§ Problem description
An exact copy of every record below is needed, with all pictures removed.

§ Stored entries
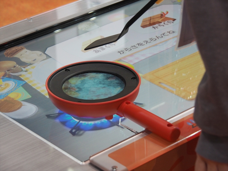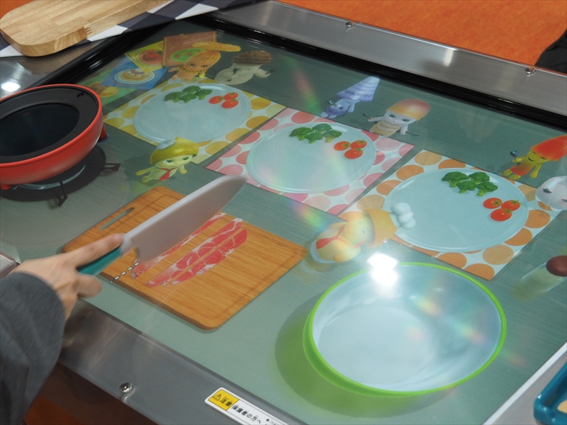 食材などはキッチンに見立てたディスプレイに表示され、ナベにも小さなディスプレイで煮込み料理などの映像を表示。仮想的ながら、かなりリアルな料理体験をお子さんに体験できるユニークなコンテンツとなっていた。
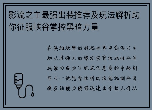 影流之主最强出装推荐及玩法解析助你征服峡谷掌控黑暗力量
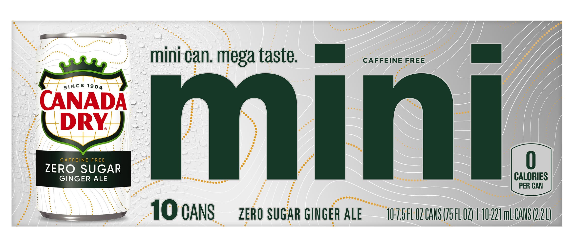 Canada Dry Mini Zero Sugar Ginger Ale Soda (10 x 7.5 fl oz)
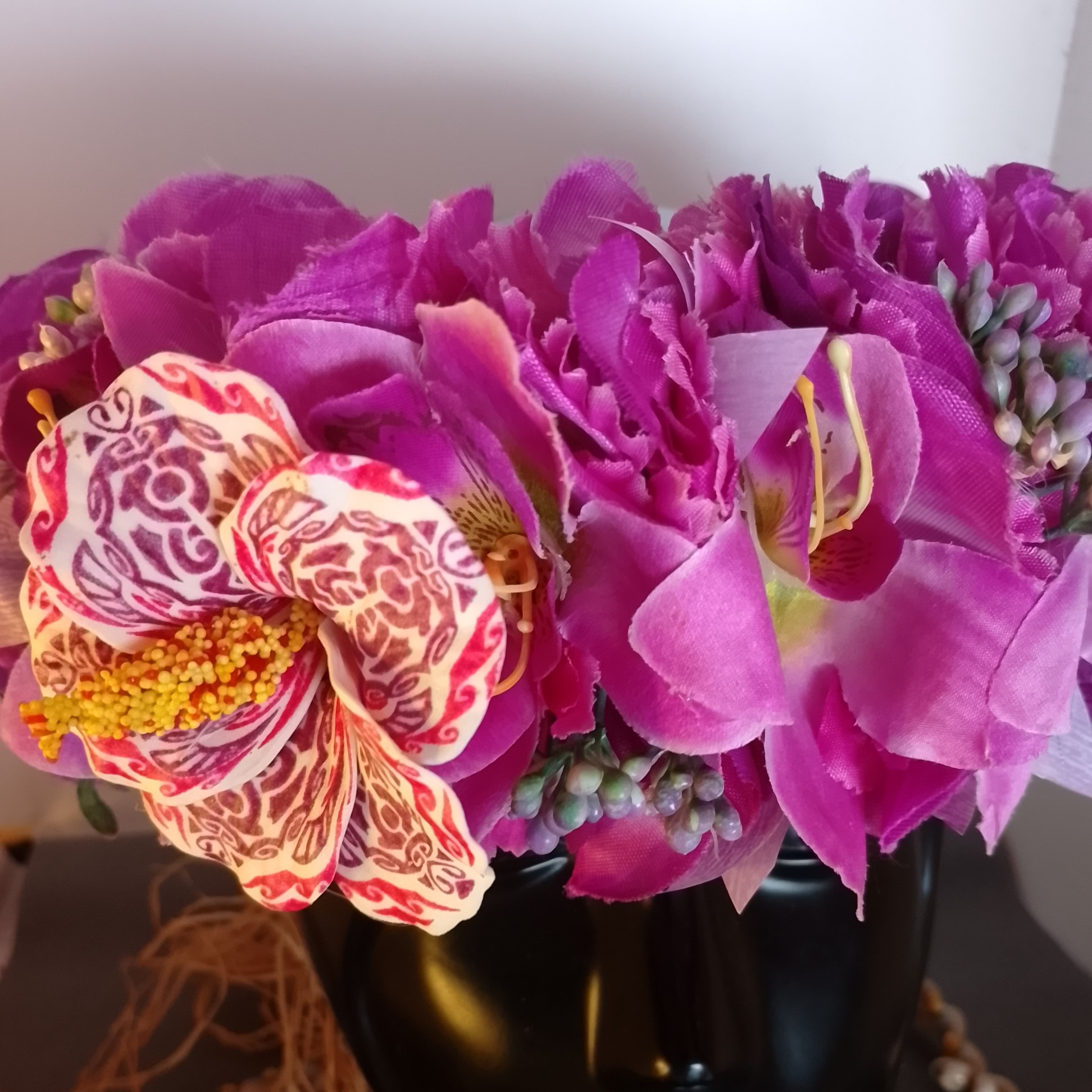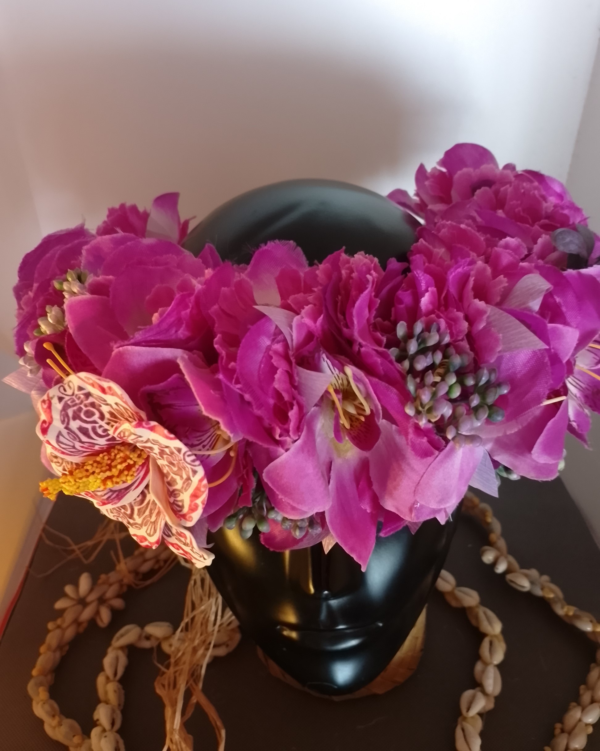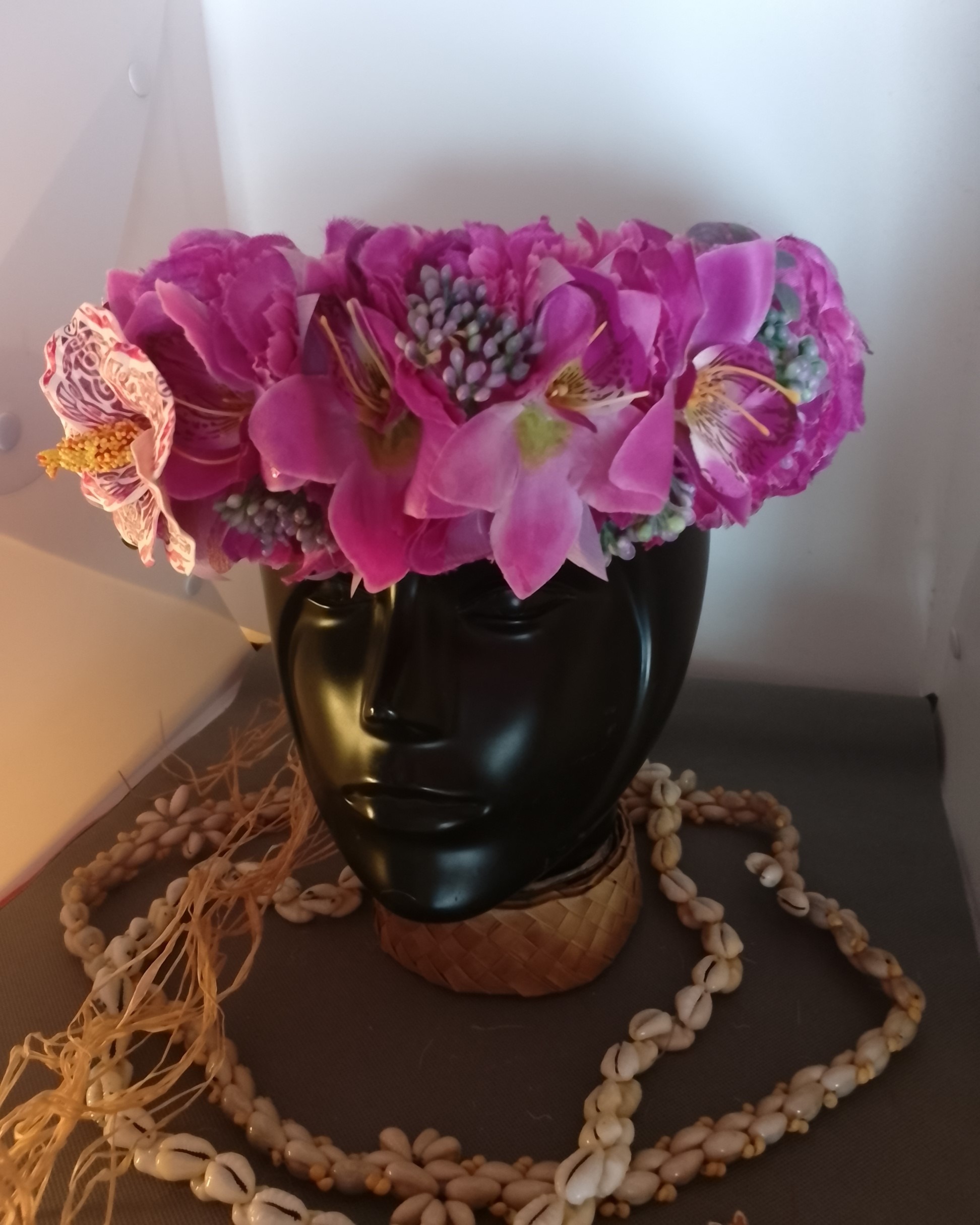 Modèle unique de couronne florale artisanale à floraison permanente avec fleurs de Tahiti by Vaite.e.Tiare créations
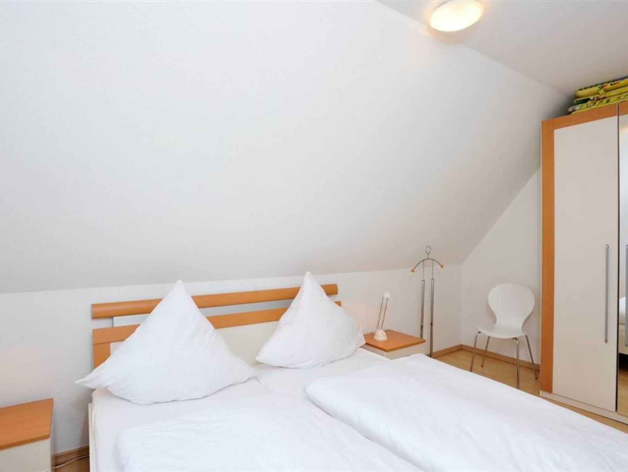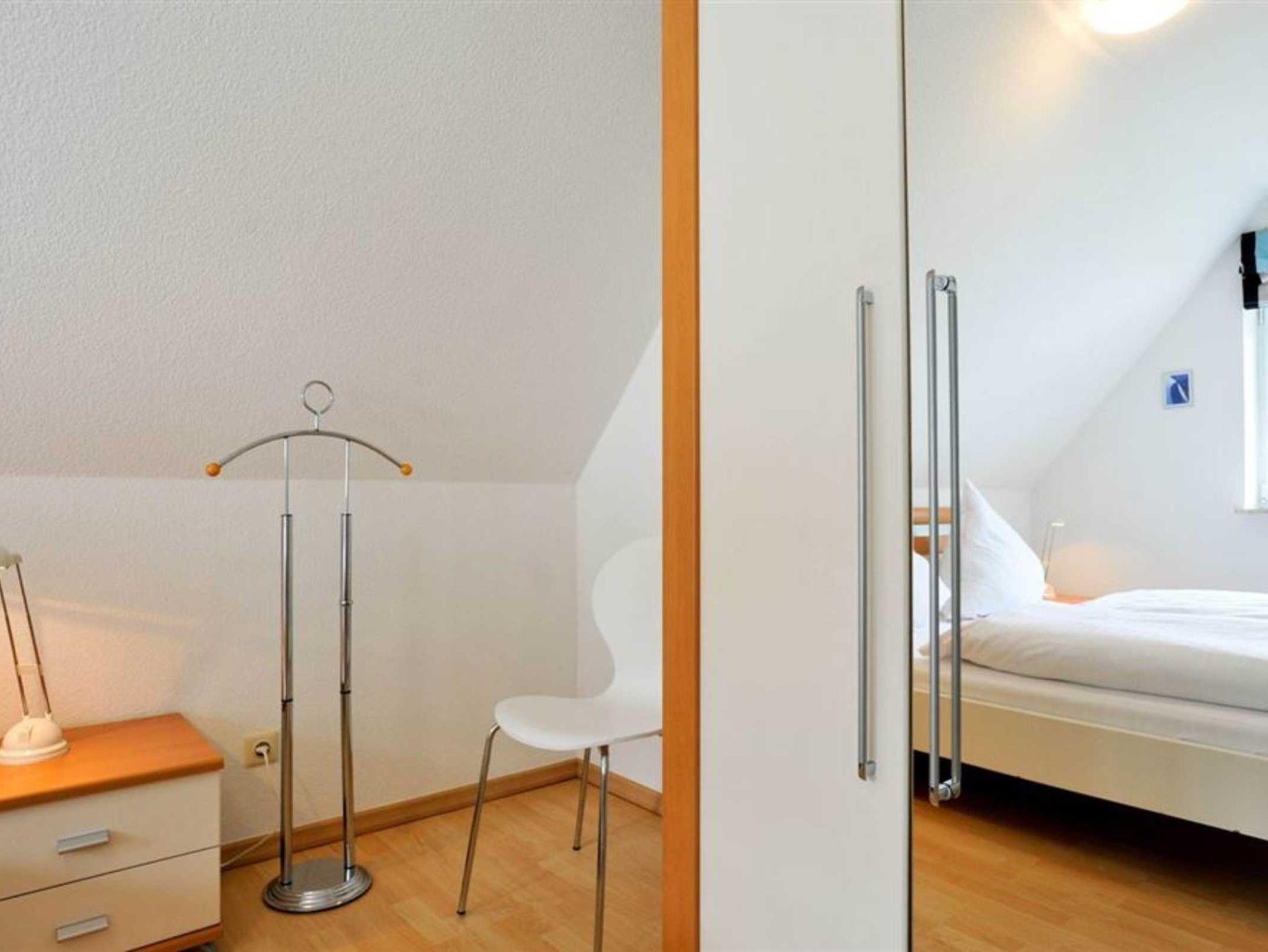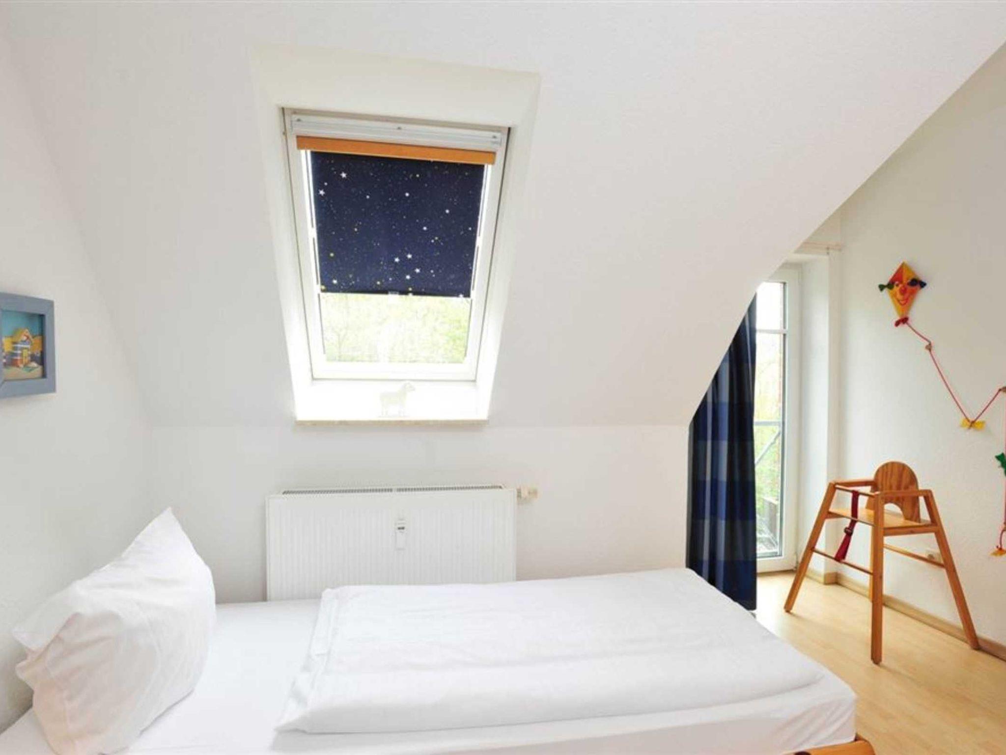 2. Schlafzimmer mit 2 Einzelbetten (je 90x200cm), Kleiderschrank, Stuhl, Kinderhochstuhl und Garderobe.

§ Result
 食材などはキッチンに見立てたディスプレイに表示され、ナベにも小さなディスプレイで煮込み料理などの映像を表示。仮想的ながら、かなりリアルな料理体験をお子さんに体験できるユニークなコンテンツとなっていた。
 影流之主最强出装推荐及玩法解析助你征服峡谷掌控黑暗力量
 Canada Dry Mini Zero Sugar Ginger Ale Soda (10 x 7.5 fl oz)
 Modèle unique de couronne florale artisanale à floraison permanente avec fleurs de Tahiti by Vaite.e.Tiare créations
 2. Schlafzimmer mit 2 Einzelbetten (je 90x200cm), Kleiderschrank, Stuhl, Kinderhochstuhl und Garderobe.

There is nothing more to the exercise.